Чем дольше продолжался полет, и чем он был многочисленнее, тем больших размеров ведро требовалось для обеспечения нормальной жизнедеятельности экипажа. Так, если в полете Бурцева объем ведра составлял 2,9, то уже к пятнадцатидневному полету Абрамяна — Лемке объем его вырос до 8,4. В таком ведре мог свободно разместится взрослый барсук, да и занимало оно до 1/3(!) общей полезной площади космолета. Дальнейшее увеличение объема ведра могло в недалеком будущем полностью парализовать всю научную работу, которую вели космонавты на борту корабля.
Выход из этого тупикового положения подсказала сама жизнь. Осенью 1967 года, во время группового полета Неволина — Федяева возникла критическая, почти аварийная ситуация. Вот что вспоминает об этом сам Неволин:
«Экипаж должен был оставаться на орбите еще около недели. Однако уже вечером в субботу стало ясно, что дальнейшее пребывание на борту корабля не представляется возможным: Ведро не закрывалось уже третьи сутки! Под угрозой срыва оказался важный эксперимент: наряду с различными научными исследованиями нам было поручено выращивание в условиях невесомости детеныша опоссума. Будучи командиром корабля, я понимал, что несу немалую ответственность, и, тем не менее, все более укреплялся в своем решении: опорожнить контейнер вне корабля.Сегодня мы видим, что исторический выход Алексея Неволина в открытый космос способствовал решению одной из серьезнейших проблем современной космической физиологии. Нынешний уровень развития этой интересной науки позволяет надеяться на то, что не за горами новые открытия, что на пороге третьего тысячелетия мы окажемся не с пустыми руками.

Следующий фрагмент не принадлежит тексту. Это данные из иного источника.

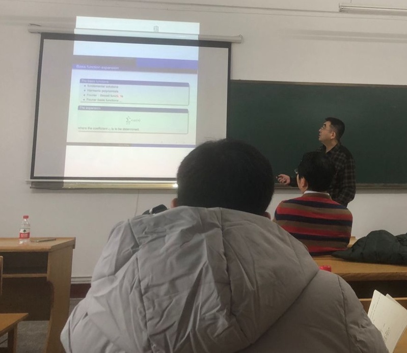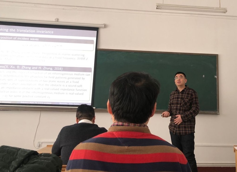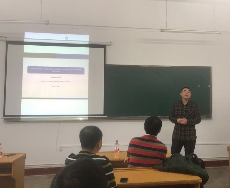 应数学系郭玉坤副教授的邀请,吉林大学威廉官网中国官方网站张德悦教授于2018年11月18日至20日到我校进行学术访问。张德悦教授分别于18日下午14:00-15:00和20日上午9:00-10:00在格物楼522报告厅做了两场学术讲座,报告内容涉及声波反散射问题、无相位数据问题的参考球技术、以及基函数展开法求解反问题的算法框架及其应用等课题。报告由郭玉坤副教授主持,数学系相关方向的师生参加了报告会并与张德悦教授进行了热烈的学术交流与讨论。
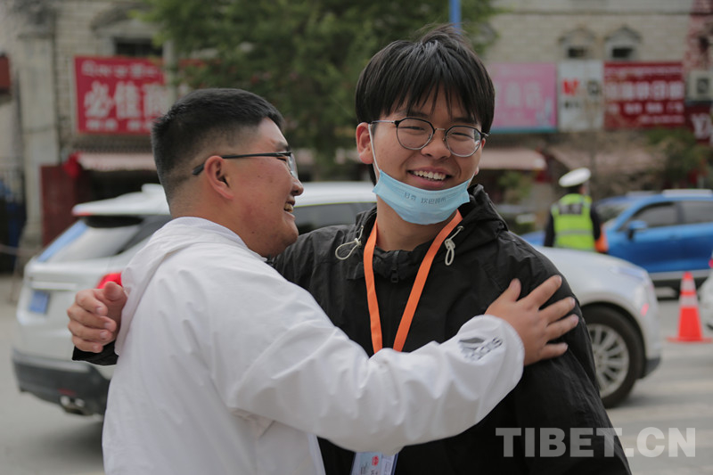 西藏軍區拉薩八一學校的成尚勇老師在高考的幾天里一直在“陪考”,考試結束后,他和自己的學生一一擁抱告別,滿眼不舍地送自己的學生一個個離開。他說,“我們原地返回,他們展翅高飛。陪了他們三年,以后就沒辦法繼續陪伴他們成長,心里會有一些不舍。”
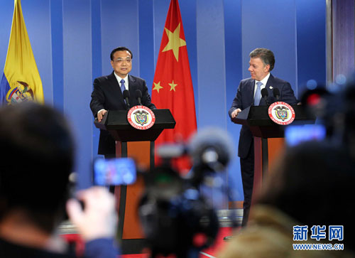 当地时间5月21日下午,国务院总理李克强在波哥大同哥伦比亚总统桑托斯举行会谈后共同会见记者。
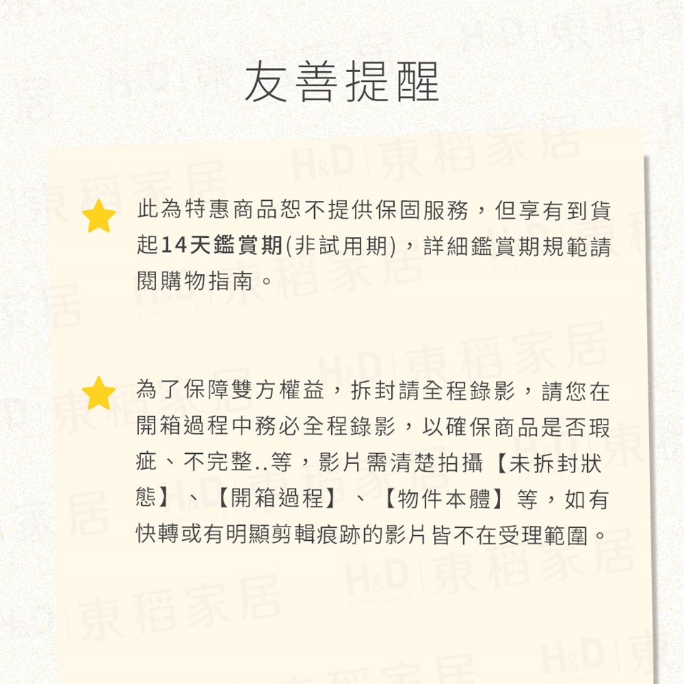 (1) 配送時間:大型家俱配送不易,配送時間約7至14個工作天(不含假日),送貨前物流公司將會與你確認送貨時間,星期日及國定假日皆無配送。
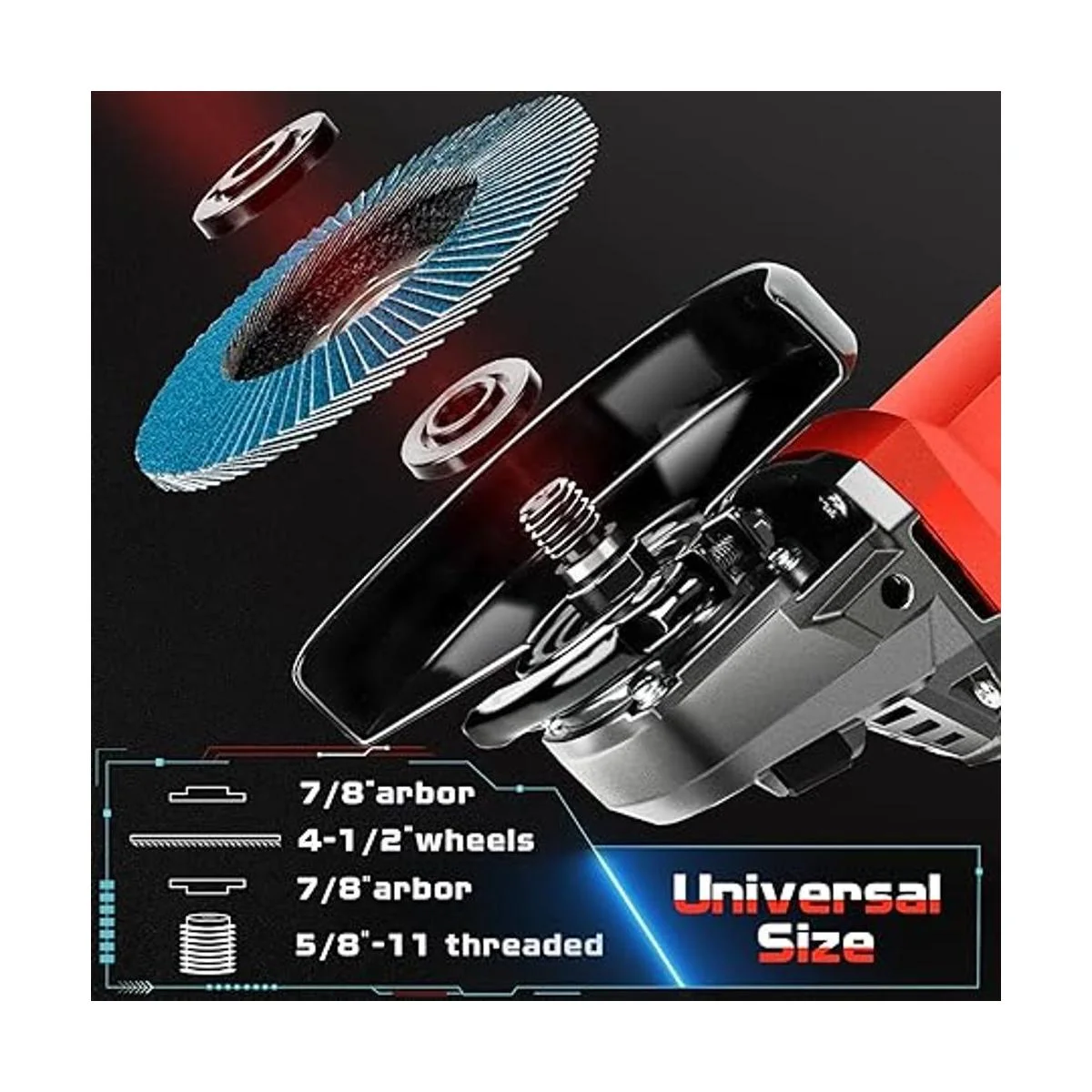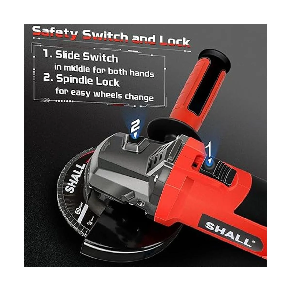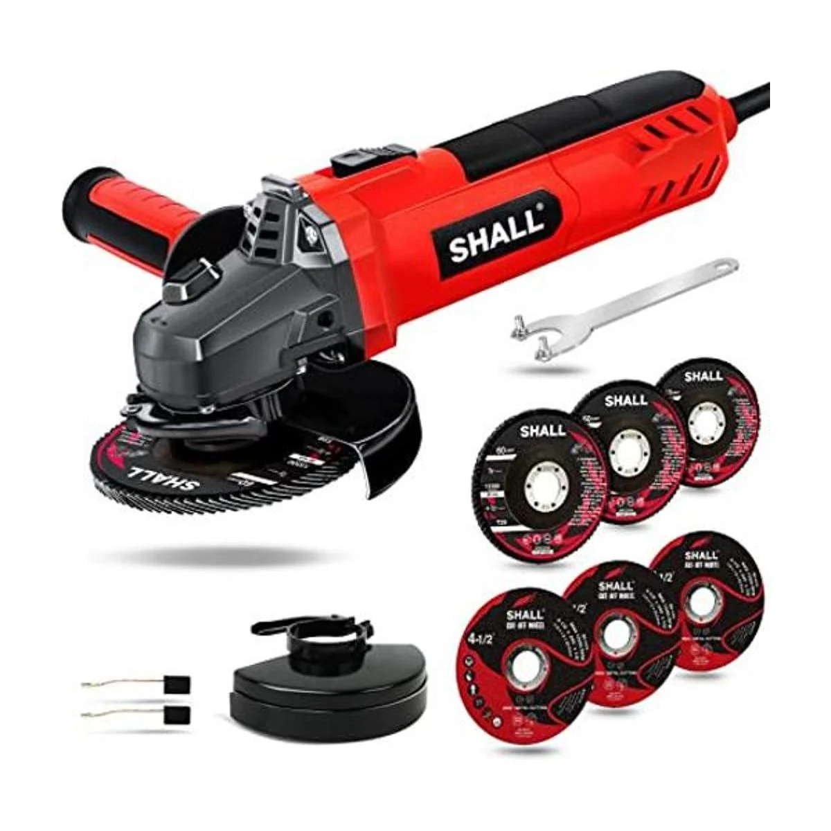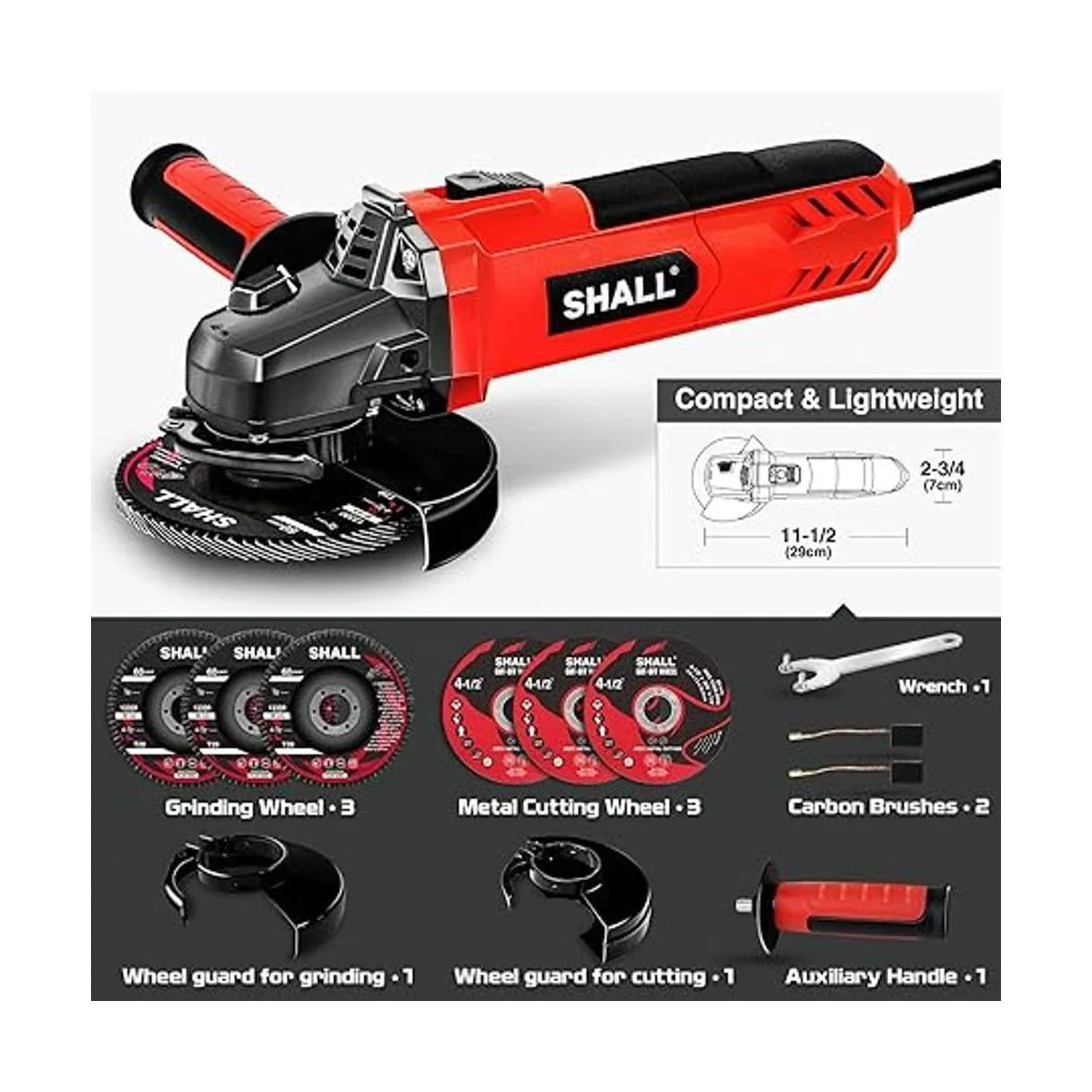 SHALL Herramienta de amoladora angular de 7.5 amperios, herramientas eléctricas, amoladora eléctrica de metal de 12000 revoluciones por minuto con 2 protectores de seguridad, 3 ruedas de corte, 3 discos de solapa, mango antideslizante y cepillo de carbono para metal, madera

В ночь с субботы на воскресенье Федяев находился на вахте; я сделал вид, что заношу в журнал результаты последних антропометричеких измерений. Улучив момент, я незаметно снял блок-замок с выходного люка, и толкая впереди себя ведро, медленно поплыл в сторону выхода. Федяев обернулся и увидел меня с ведром, выходящего в открытый космос. «Всё, не могу, надо выносить!» — вырвалось у меня. «Куда?! Куда?!!» раздался в наушниках его испуганный крик, — но помешать мне уже никто не мог: придерживаясь одной рукой за край проема, другую я высунул в бездонную черноту космоса и опрокинул туда ведро, стараясь не выпустить его. Не помню, как долго я находился вне пределов корабля — то были незабываемые ощущения; наконец, непонятное чувство холода погнало меня назад. Я плотно закрыл за собой люк изнутри, накинул блок-замок, обернулся и увидел Федяева. Выражение испуга уже покинуло его лицо; он улыбался мне, и в его улыбке я увидел облегчение и благодарность».
И—р-р-раз!
(Неизвестные страницы истории освоения космоса. Стыковка и расстыковка)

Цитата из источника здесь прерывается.